Student A. How the US election works
Student B: The voting system in the Uk
Follow up: Cloze with a twist.
Give students the transcript for both videos. Tell them you have deleted some words from the transcript. They will have to listen very attentively as there are no empty spaces showing there is a missing word. Ask them to compare in pairs before correcting the exercise. You will find the exercise in the PDF.
Working on Vocabulary
Have a look at how these verbs collocate
- Boost the economy
- Harm/benefit someone or an organization
- Put a strain on the finances of a country/area
- Exacerbate a problem
- Undermine the morale of citizens
- Create divisions
- Lead to tensions
- Cut taxes
- Extend working hours
- Increase public spending
- Abolish unemployment benefits
- Allow a vote on independence
- Increase penalties for…
- Damage the economy
- Resolve existing social problems
- Rise of income inequality
- Reform the education system
- Solve social problems
- Ensure prosperity
- Hold an election
- Rig the election
- Stand for election
Other words you might want to know: floating voters. popularity ratings, a right-winger, a left-winger, a polling station, a running mate, a high turnout, voting booth, ballot card
Before each section, ask students to call out 6 words or expressions they have learned in this unit. Divide the class into As and Bs and assign As three words and Bs three words.

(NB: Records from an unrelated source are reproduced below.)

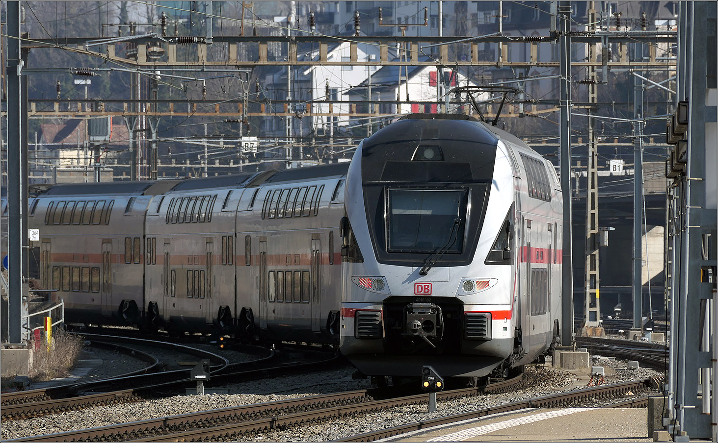 Der Bahnhof Wipkingen: Ein Doppelstock "KISS" IC der DB braust durch Wipkingen nach Zürich, von wo er dann nach Stuttgart zurückfahren wird. 5.März 2025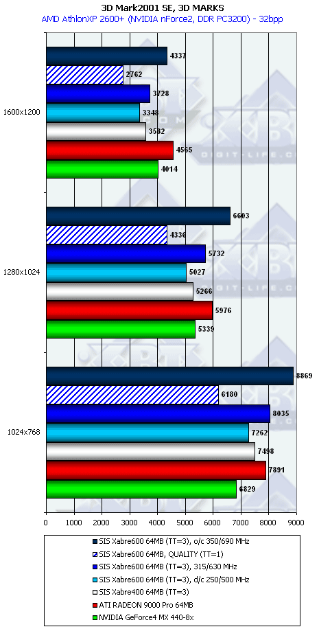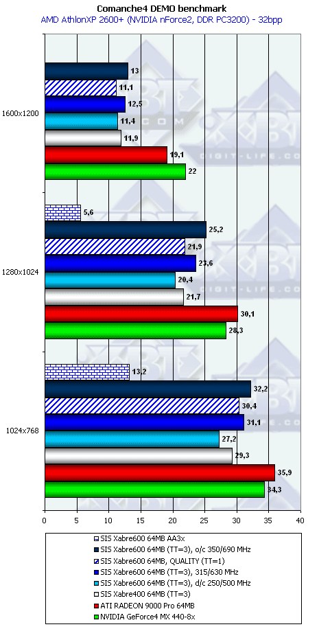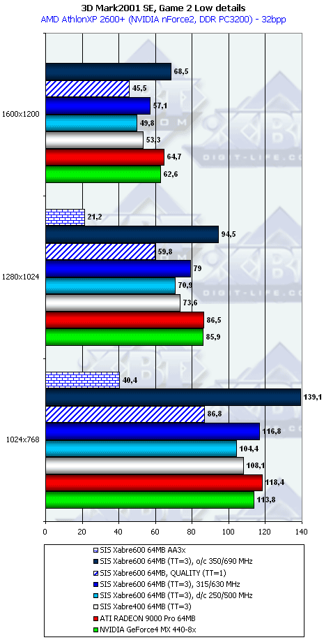 Пока не получается из Xabre 600 "убийцы" ни RADEON 9000 Pro, ни GeForce4 MX440-8x. В большинстве случаев мы видим проигрыш. И надо сказать, что ведь тесты конкурентов проводились при максимальной детализации как текстур, как и в целом самого высокого качества 3D в настройках драйверов, поэтому справедливости ради надо сравнивать работу Xabre 600 тоже при ТТ=1, а тут вообще полный провал.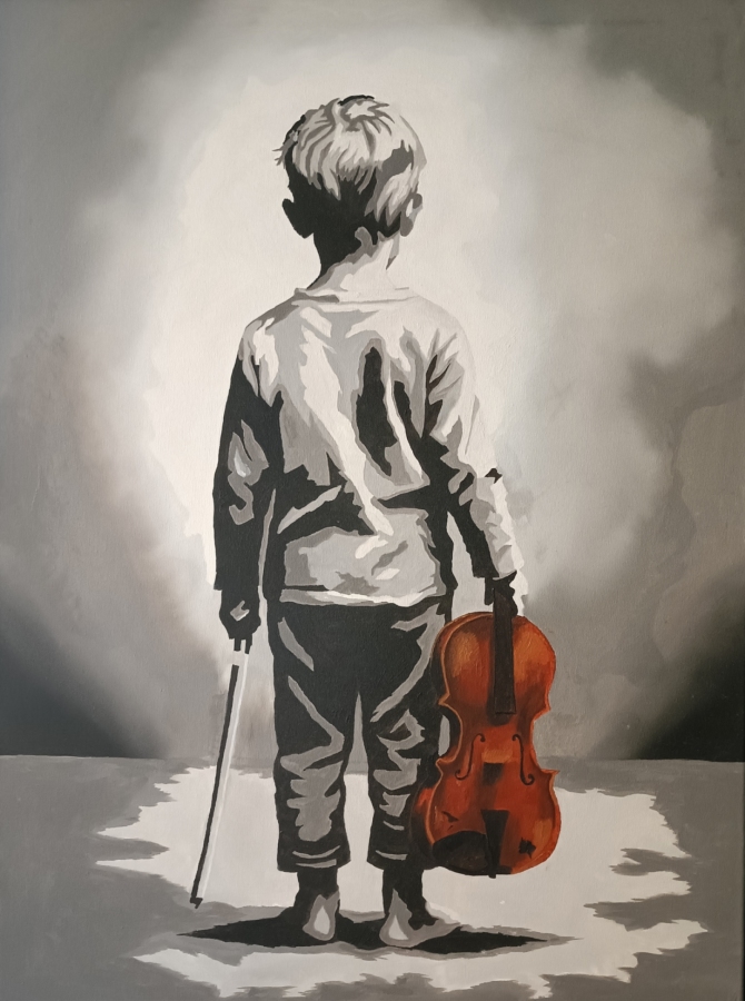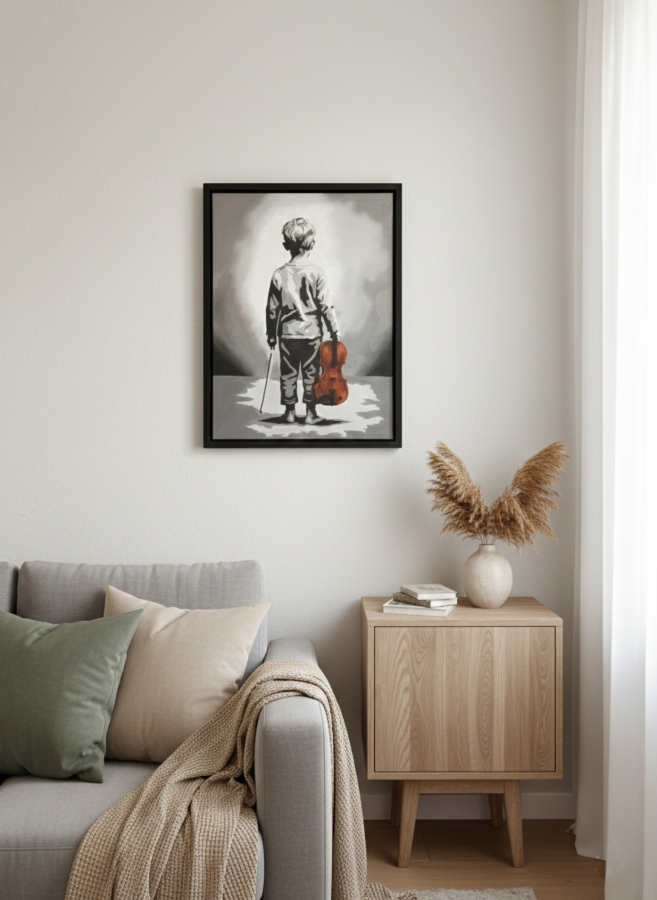 Obraz jest częścią cyklu malarskiego poświęconego odkrywaniu talentów i predyspozycji, które rodzą się w nas bardzo wcześnie często jeszcze zanim potrafimy je nazwać. Cykl prowadzi widza od dzieciństwa, przez pierwsze wybory i próby, aż po dorosłość. Przedstawiona postać dziecka stojącego tyłem symbolizuje moment skupienia i ciszy przed początkiem drogi. Skrzypce trzymane w dłoni są znakiem potencjału, który dopiero czeka na rozwinięcie. To obraz o pierwszym impulsie, o wewnętrznym przeczuciu, że coś jest „nasze”, nawet jeśli jeszcze nie wiemy dokąd nas zaprowadzi. Stonowana, ograniczona paleta barw buduje spokój i skupienie, a pojedynczy akcent koloru kieruje uwagę na talent jako centralny punkt opowieści. Praca pozostawia przestrzeń na własne interpretacje — każdy może zobaczyć w niej swoją historię lub historię kogoś bliskiego. Obraz wykonany techniką olejną na płótnie, oprawiony w czarną, dębową ramę typu american box. Gotowy do zawieszenia, dobrze odnajdzie się we wnętrzach nowoczesnych, minimalistycznych i domowych, gdzie sztuka ma być obecna na co dzień, a nie tylko „do oglądania”.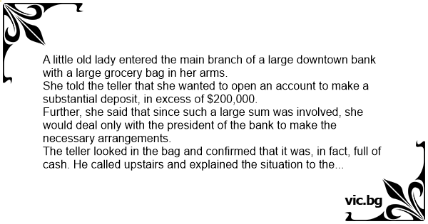 Дребничка възрастна госпожа влязла в Чейс Манхатън Банк и попитала дали може да си открие сметка.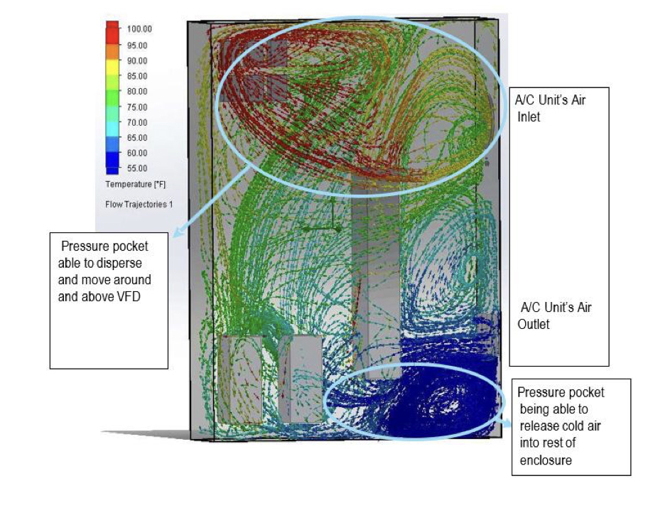 Scenario #3 presents the least possible likelihood of short cycling cold air being redirected into the A/C unit and all components have airflow going to them. Scenario #1, had the highest chance of short cycling overall which would cause the unit to shut off early and not cool the enclosure to the desired temperature. Scenario #2 featured a large pressure pocket of hot air that would not be able to cycle correctly and would end up causing most of the contactors to overheat.

Display the first section and ask them to take in turns to answer the questions trying to use the vocabulary on the board
Speaking and writing using Flipgrid
I have been dying to use Flipgris’s new update. “And what is it that has you so excited?” -you might be wondering. Well, it is the possibility of responding to a video in a written form. Imagine the possibilities, imagine the potential it has for language teaching.